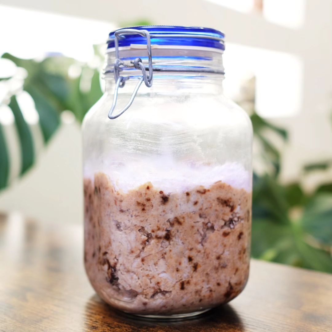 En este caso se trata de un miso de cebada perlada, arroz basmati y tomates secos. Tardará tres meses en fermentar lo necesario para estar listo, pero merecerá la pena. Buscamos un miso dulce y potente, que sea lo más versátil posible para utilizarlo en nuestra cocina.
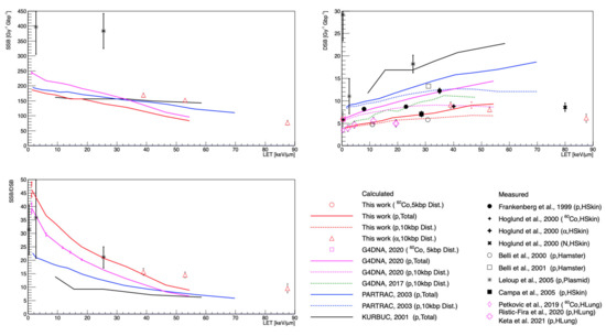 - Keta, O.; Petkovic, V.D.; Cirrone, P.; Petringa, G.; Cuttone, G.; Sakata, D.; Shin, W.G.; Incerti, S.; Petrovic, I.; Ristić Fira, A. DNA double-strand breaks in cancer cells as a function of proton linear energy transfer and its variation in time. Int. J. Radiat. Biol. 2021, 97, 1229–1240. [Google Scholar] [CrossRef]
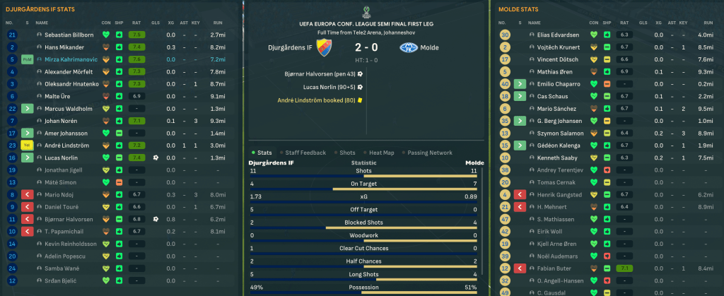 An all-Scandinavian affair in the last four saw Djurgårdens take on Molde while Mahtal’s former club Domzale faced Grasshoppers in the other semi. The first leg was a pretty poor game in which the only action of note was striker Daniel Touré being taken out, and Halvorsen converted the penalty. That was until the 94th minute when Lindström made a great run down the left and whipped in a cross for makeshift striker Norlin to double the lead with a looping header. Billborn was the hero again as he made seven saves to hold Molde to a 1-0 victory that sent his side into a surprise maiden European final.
--*--
#### WHAT YOU ARE ASKED TO DO
Working from the listing above, retype it exactly but include no images.

#### TASK ANSWER
 En este caso se trata de un miso de cebada perlada, arroz basmati y tomates secos. Tardará tres meses en fermentar lo necesario para estar listo, pero merecerá la pena. Buscamos un miso dulce y potente, que sea lo más versátil posible para utilizarlo en nuestra cocina.
 - Keta, O.; Petkovic, V.D.; Cirrone, P.; Petringa, G.; Cuttone, G.; Sakata, D.; Shin, W.G.; Incerti, S.; Petrovic, I.; Ristić Fira, A. DNA double-strand breaks in cancer cells as a function of proton linear energy transfer and its variation in time. Int. J. Radiat. Biol. 2021, 97, 1229–1240. [Google Scholar] [CrossRef]
 An all-Scandinavian affair in the last four saw Djurgårdens take on Molde while Mahtal’s former club Domzale faced Grasshoppers in the other semi. The first leg was a pretty poor game in which the only action of note was striker Daniel Touré being taken out, and Halvorsen converted the penalty. That was until the 94th minute when Lindström made a great run down the left and whipped in a cross for makeshift striker Norlin to double the lead with a looping header. Billborn was the hero again as he made seven saves to hold Molde to a 1-0 victory that sent his side into a surprise maiden European final.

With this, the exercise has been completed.